Why is housekeeping not built into elasticsearch?

ThomasB · April 28, 2017, 12:55am

Hi,
I have a (hopefully) quick question, regarding index management and deleting time based indices. What is the reason, that there is no built-in support to delete all indices older than X days?

I know there is curator, which is built for exactly this use case, but it seems a bit odd to me to rely on an "external" tool to to the housekeeping in a product, which is built with time series data in mind. I think there is something implemented on X-Pack Monitoring, but I am not sure.
I can't think of any to do this natively in elasticsearch, without requiring some sort of trigger from the outside world

I had a discussion about running elasticsearch inside a container and a colleague of mine is so opposed to the idea, to have a second process running inside that container, that he argued to write a elasticsearch plugin to regularly purge old indices.

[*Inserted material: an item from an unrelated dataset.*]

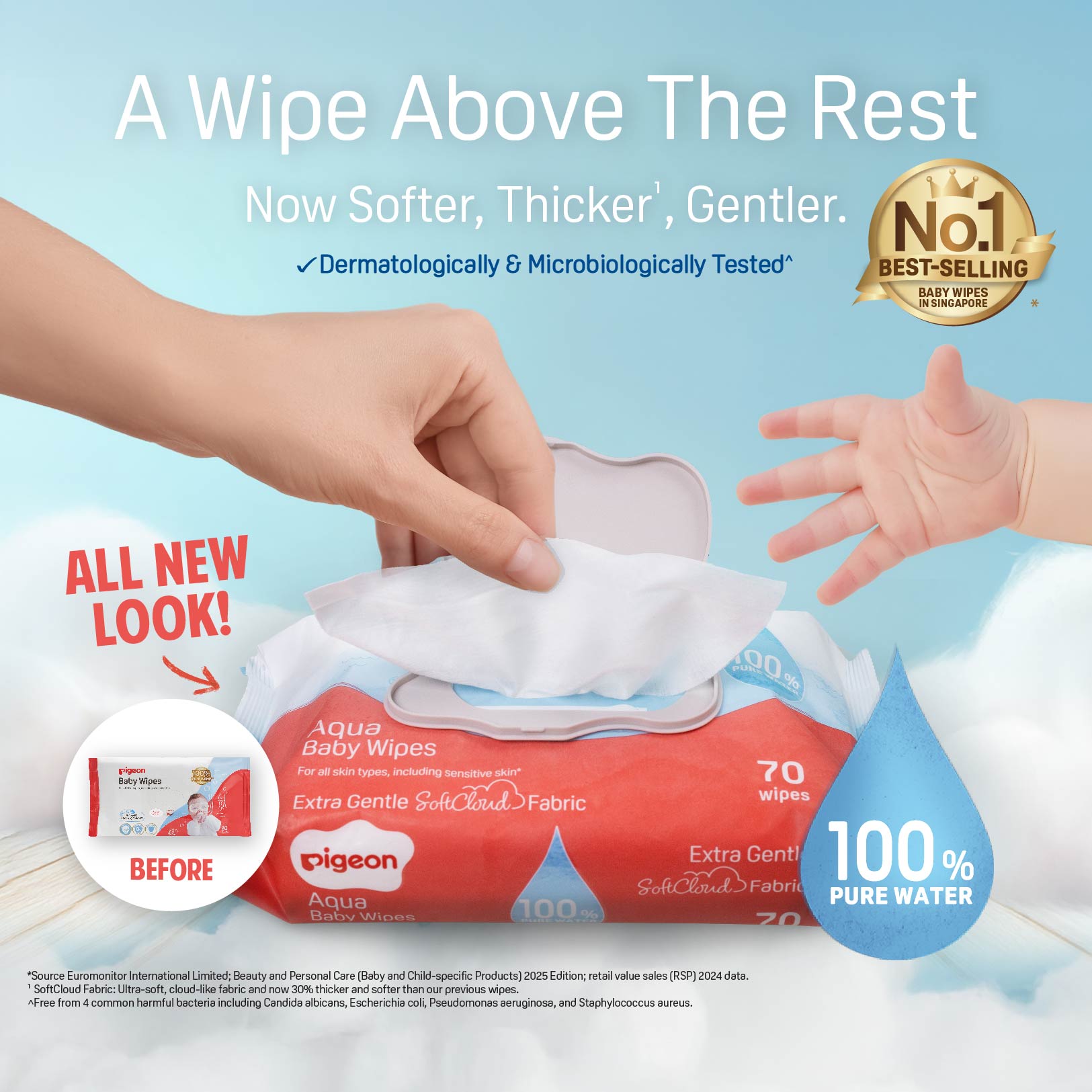 Pigeon Aqua Baby Wipes (20 Wipes x 3)

Is it that curator was just good enough until now and nobody really needed it?
Is it that you think, that it is not elasticsearch's job to do this. (since cron is a well established tool and a possible implementation would more or less look like cron)?

BR

a.w · April 28, 2017, 1:24am

Hey,

I don't know if i am right and correct me if im wrong, but after my opinion Elasticsearch is not and will never be a database for storing data.
For this you should use CouchDB, MariaDB, or any kind of SQL or noSQL Database you can find.
Elasticsearch is an index, which can only index and search documents/indices but does this good as hell!

If you have a software with a common architecture where e.g. CouchDB is you database and Elastic your Search cluster, you have to have some kind of software running in between this two components to share and maintain the data between database and elastic anyway.

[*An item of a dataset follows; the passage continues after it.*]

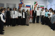 Каждый понедельник проводим традиционную линейку — торжественно вносим государственные флаги России и Татарстана, вместе исполняем гимны наших стран.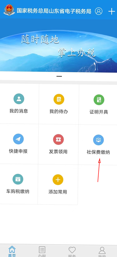 1、进入app首页点击社保费缴纳。

This way you already have to manage and control the data by yourself and as a software developer I alway create jobs like this by myself to keep the control and I would not use a tool which is already build in Elastic for deleting old documents. Query them, and delete them. done.

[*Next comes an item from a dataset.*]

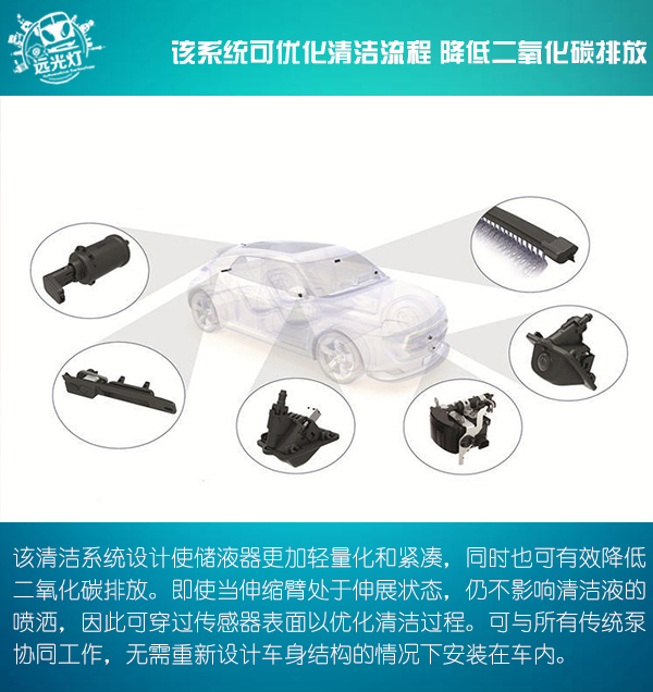 該清潔系統(tǒng)設(shè)計(jì)使儲(chǔ)液器更加輕量化和緊湊,同時(shí)也可有效降低二氧化碳排放。即使當(dāng)伸縮臂處于伸展?fàn)顟B(tài),仍不影響清潔液的噴灑,因此可穿過傳感器表面以優(yōu)化清潔過程。

Guess that's the reason why there is no such thing like that, just because regularly you would never "just" use elastic, feed it with data and remove the oldest, its nearly always much more complex like that.

ThomasB · April 28, 2017, 9:26am

Hey,
I think it depends on the use case. We are just collecting some log files (a few GB per day) and we are using "just" elasticsearch to store the data. In a simple use case like this, there is nothing wrong with using elasticsearch as data store.
Maybe a feature like this would provide too little benefit, for the complexity it requires, while not be able to live up to the expectation people might have.

theuntergeek · April 28, 2017, 7:57pm

Are you referring to Curator being built with time-series data in mind, or Elasticsearch? Elasticsearch was certainly not built with time-series data in mind. It started off as a good old-fashioned search engine. Logs, analytics, and other stuff came later, and with it, the idea (or requirement) for data to be segmented into time-series.

Not yet, but coming soon.

There isn't. And even in the future, you'll still have to design and/or write said trigger yourself. Though, with multiple iterations and an eventual UI, it will become easier over time.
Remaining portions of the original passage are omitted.